Records for processing: Begin

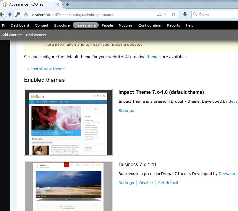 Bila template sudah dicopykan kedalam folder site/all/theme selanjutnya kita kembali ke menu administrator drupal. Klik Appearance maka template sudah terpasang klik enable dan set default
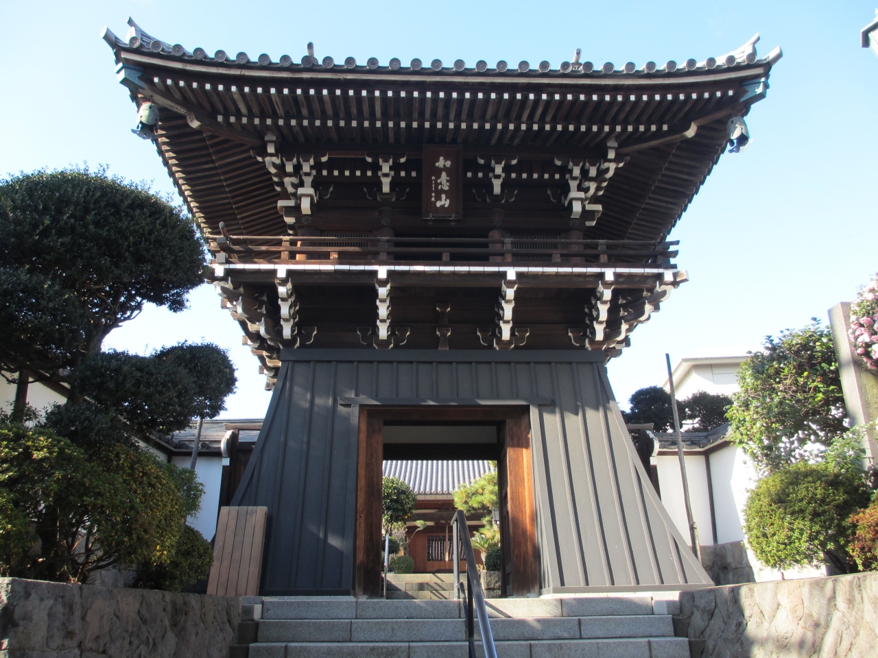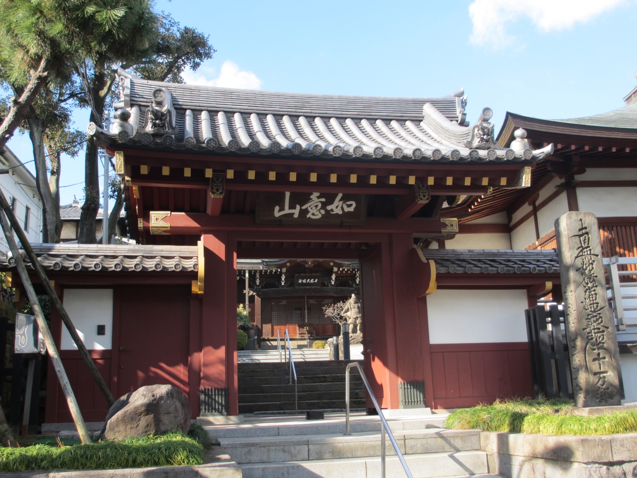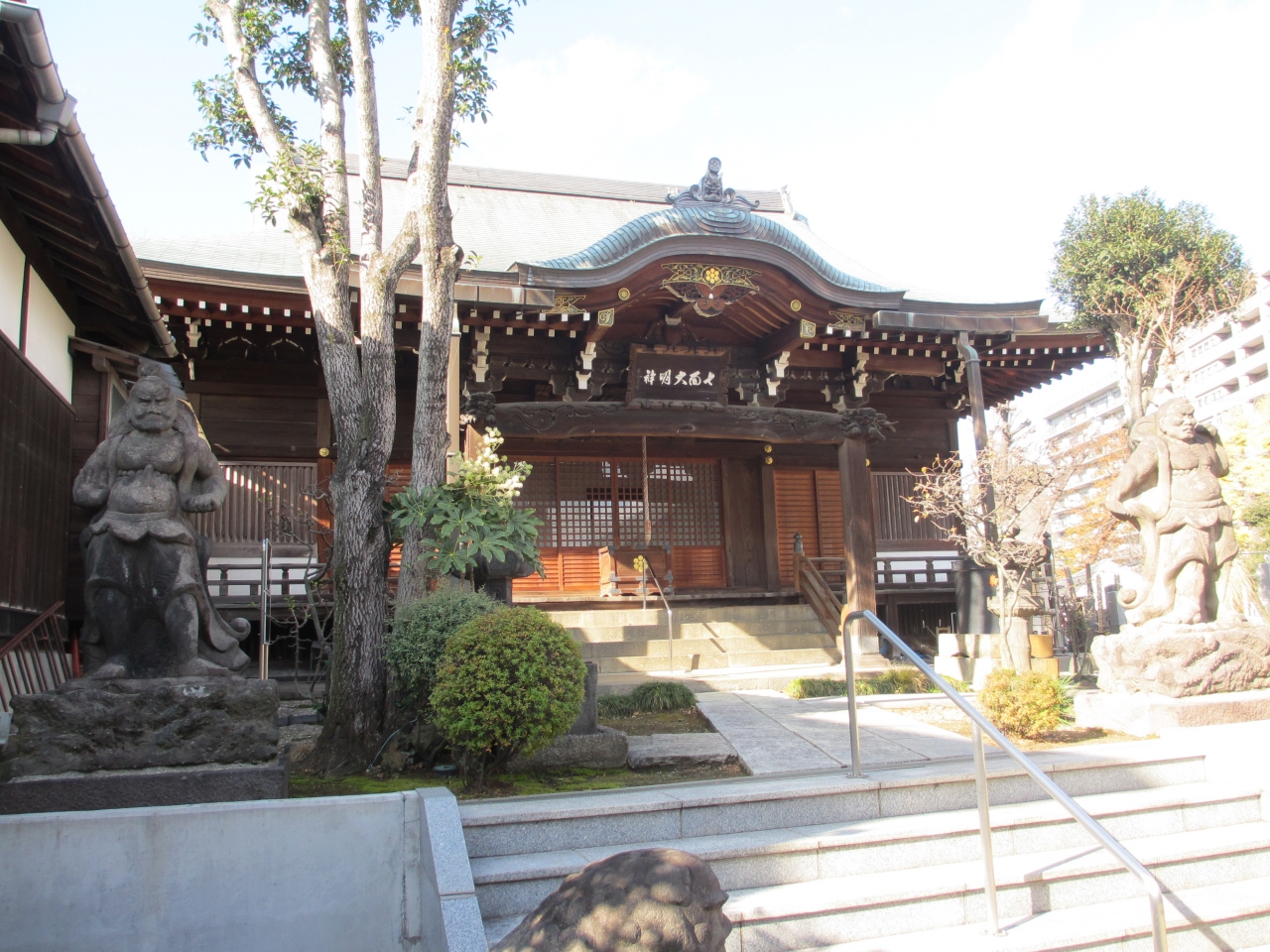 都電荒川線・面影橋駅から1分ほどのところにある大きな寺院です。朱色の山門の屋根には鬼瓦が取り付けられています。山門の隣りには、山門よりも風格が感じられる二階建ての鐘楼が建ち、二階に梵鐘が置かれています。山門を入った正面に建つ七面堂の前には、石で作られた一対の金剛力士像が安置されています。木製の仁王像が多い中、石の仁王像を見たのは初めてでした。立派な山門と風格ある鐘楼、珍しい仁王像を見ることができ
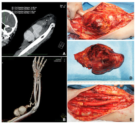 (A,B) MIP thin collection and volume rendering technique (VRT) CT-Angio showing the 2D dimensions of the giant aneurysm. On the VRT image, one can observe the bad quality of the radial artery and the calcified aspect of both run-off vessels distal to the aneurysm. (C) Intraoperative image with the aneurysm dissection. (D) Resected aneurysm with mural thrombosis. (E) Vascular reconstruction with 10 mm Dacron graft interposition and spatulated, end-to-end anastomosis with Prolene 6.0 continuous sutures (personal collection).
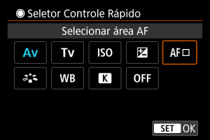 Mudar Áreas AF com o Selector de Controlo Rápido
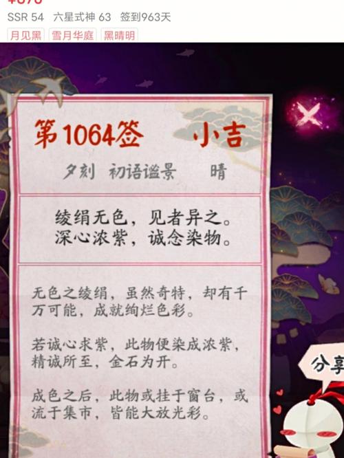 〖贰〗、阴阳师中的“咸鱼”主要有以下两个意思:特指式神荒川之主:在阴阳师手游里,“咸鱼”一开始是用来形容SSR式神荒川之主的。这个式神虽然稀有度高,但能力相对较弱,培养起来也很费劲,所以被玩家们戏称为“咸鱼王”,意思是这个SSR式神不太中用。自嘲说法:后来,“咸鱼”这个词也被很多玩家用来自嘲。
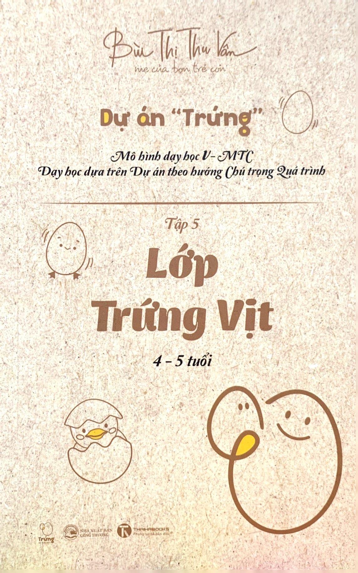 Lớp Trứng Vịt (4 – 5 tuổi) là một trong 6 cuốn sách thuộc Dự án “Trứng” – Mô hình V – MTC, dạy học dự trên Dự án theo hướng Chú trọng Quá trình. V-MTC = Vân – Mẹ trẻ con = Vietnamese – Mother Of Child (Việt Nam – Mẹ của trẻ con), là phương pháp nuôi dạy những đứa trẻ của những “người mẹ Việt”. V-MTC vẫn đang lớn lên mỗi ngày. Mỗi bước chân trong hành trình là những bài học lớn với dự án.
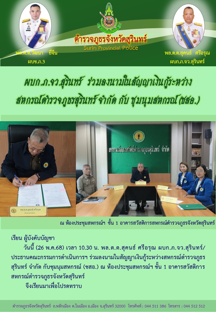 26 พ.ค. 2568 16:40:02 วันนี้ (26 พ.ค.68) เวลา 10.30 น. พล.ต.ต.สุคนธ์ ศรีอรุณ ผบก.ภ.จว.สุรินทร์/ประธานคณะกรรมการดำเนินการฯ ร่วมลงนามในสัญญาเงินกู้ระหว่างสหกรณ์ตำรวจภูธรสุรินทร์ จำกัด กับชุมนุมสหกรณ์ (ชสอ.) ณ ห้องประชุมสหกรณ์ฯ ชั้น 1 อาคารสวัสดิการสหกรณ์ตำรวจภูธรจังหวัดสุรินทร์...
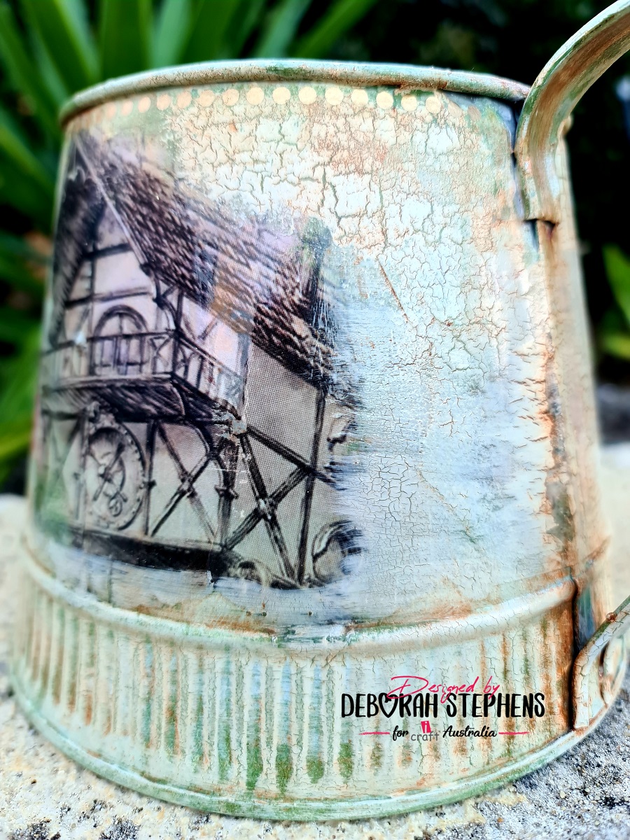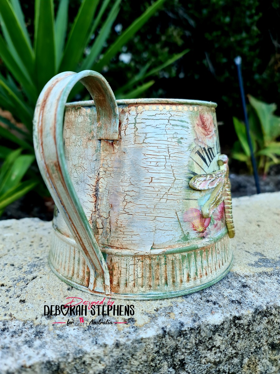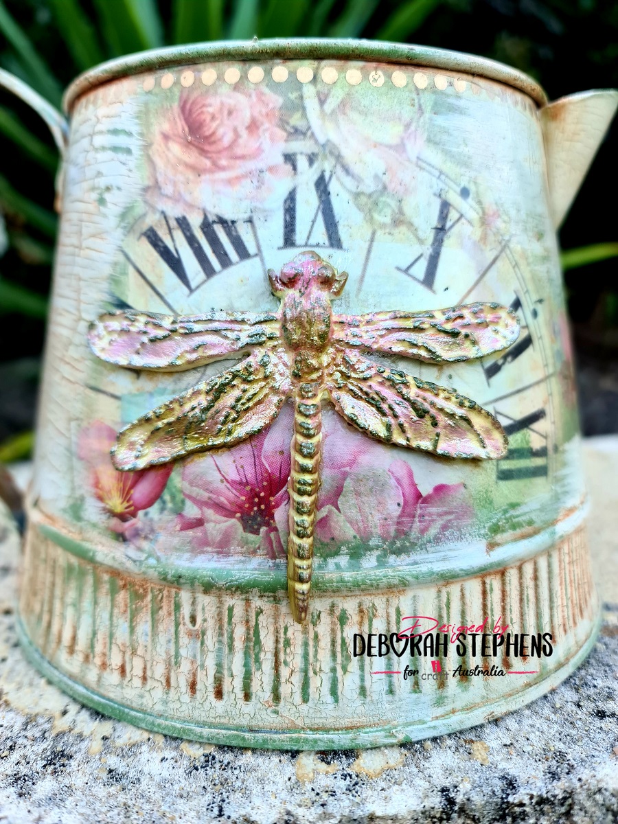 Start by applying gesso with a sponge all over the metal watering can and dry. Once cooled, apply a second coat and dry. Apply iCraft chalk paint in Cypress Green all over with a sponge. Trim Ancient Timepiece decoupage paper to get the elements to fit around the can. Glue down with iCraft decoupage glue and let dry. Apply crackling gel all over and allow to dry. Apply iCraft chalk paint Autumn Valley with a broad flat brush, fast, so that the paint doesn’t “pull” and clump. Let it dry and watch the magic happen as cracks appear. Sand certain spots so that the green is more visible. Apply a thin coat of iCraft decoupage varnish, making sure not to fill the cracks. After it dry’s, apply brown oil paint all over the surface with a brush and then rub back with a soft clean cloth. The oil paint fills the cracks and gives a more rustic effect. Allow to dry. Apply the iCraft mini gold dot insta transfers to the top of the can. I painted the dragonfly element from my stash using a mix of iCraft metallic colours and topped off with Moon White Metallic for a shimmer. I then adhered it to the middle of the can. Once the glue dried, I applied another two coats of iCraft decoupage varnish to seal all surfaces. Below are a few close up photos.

Records for processing: End
Records for processing: Begin

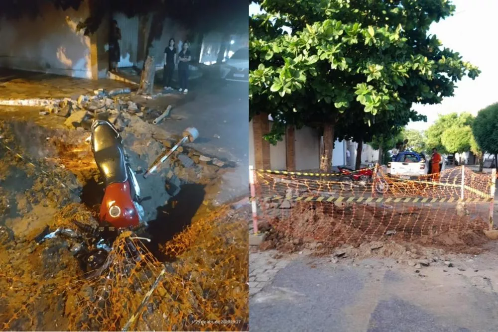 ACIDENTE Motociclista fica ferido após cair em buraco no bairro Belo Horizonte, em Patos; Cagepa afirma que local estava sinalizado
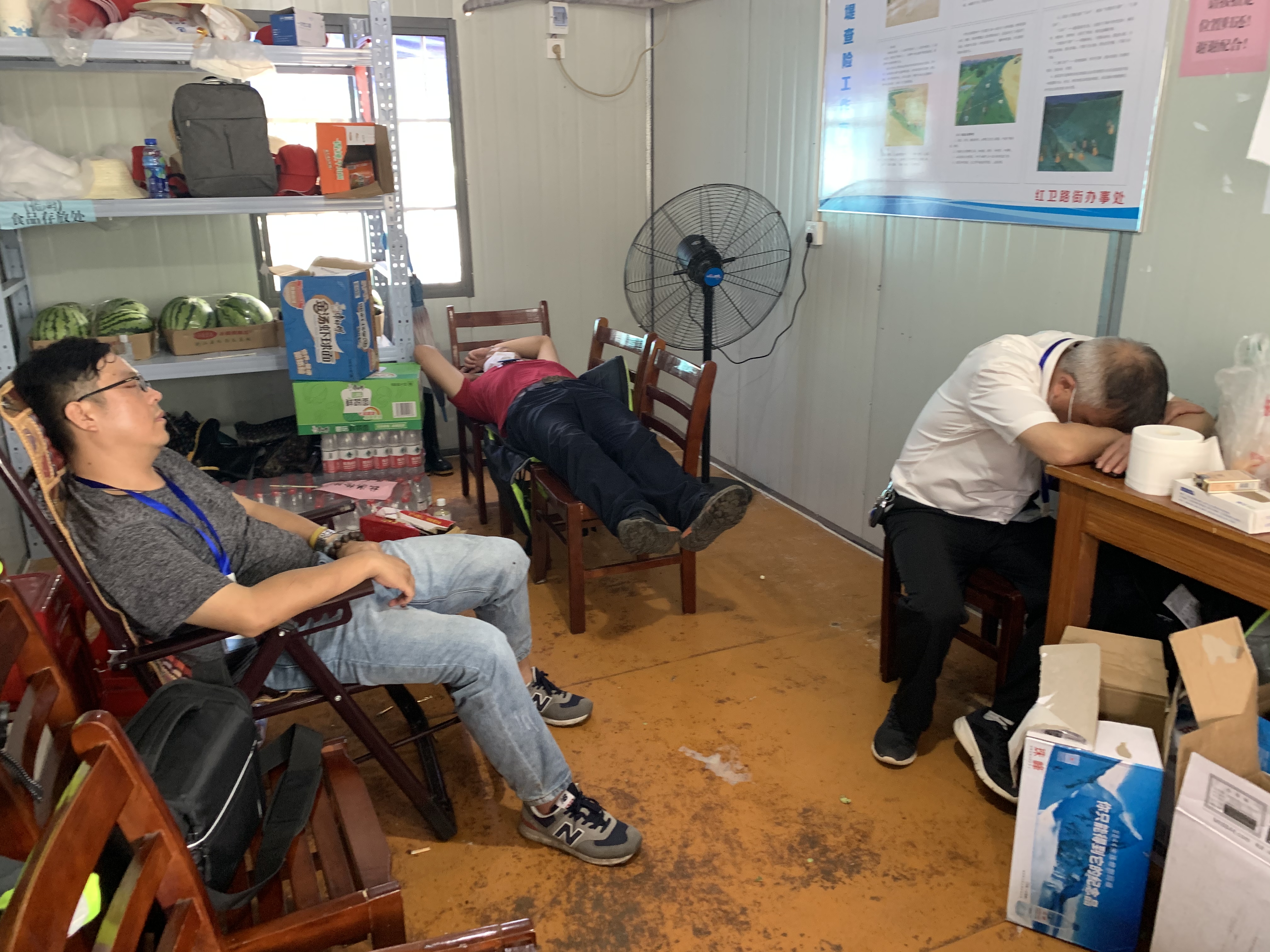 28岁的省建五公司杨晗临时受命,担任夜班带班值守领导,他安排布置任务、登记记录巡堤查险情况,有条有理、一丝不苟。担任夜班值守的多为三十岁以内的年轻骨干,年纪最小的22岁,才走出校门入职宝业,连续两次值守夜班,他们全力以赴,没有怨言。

Records for processing: End

Instructions for the task
Set down word for word the lines above from the one with "(A,B) MIP thin" up to and including the one with "26 พ.ค. 2568". Omit every picture.

Result
 (A,B) MIP thin collection and volume rendering technique (VRT) CT-Angio showing the 2D dimensions of the giant aneurysm. On the VRT image, one can observe the bad quality of the radial artery and the calcified aspect of both run-off vessels distal to the aneurysm. (C) Intraoperative image with the aneurysm dissection. (D) Resected aneurysm with mural thrombosis. (E) Vascular reconstruction with 10 mm Dacron graft interposition and spatulated, end-to-end anastomosis with Prolene 6.0 continuous sutures (personal collection).
 Mudar Áreas AF com o Selector de Controlo Rápido
 〖贰〗、阴阳师中的“咸鱼”主要有以下两个意思:特指式神荒川之主:在阴阳师手游里,“咸鱼”一开始是用来形容SSR式神荒川之主的。这个式神虽然稀有度高,但能力相对较弱,培养起来也很费劲,所以被玩家们戏称为“咸鱼王”,意思是这个SSR式神不太中用。自嘲说法:后来,“咸鱼”这个词也被很多玩家用来自嘲。
 Lớp Trứng Vịt (4 – 5 tuổi) là một trong 6 cuốn sách thuộc Dự án “Trứng” – Mô hình V – MTC, dạy học dự trên Dự án theo hướng Chú trọng Quá trình. V-MTC = Vân – Mẹ trẻ con = Vietnamese – Mother Of Child (Việt Nam – Mẹ của trẻ con), là phương pháp nuôi dạy những đứa trẻ của những “người mẹ Việt”. V-MTC vẫn đang lớn lên mỗi ngày. Mỗi bước chân trong hành trình là những bài học lớn với dự án.
 26 พ.ค. 2568 16:40:02 วันนี้ (26 พ.ค.68) เวลา 10.30 น. พล.ต.ต.สุคนธ์ ศรีอรุณ ผบก.ภ.จว.สุรินทร์/ประธานคณะกรรมการดำเนินการฯ ร่วมลงนามในสัญญาเงินกู้ระหว่างสหกรณ์ตำรวจภูธรสุรินทร์ จำกัด กับชุมนุมสหกรณ์ (ชสอ.) ณ ห้องประชุมสหกรณ์ฯ ชั้น 1 อาคารสวัสดิการสหกรณ์ตำรวจภูธรจังหวัดสุรินทร์...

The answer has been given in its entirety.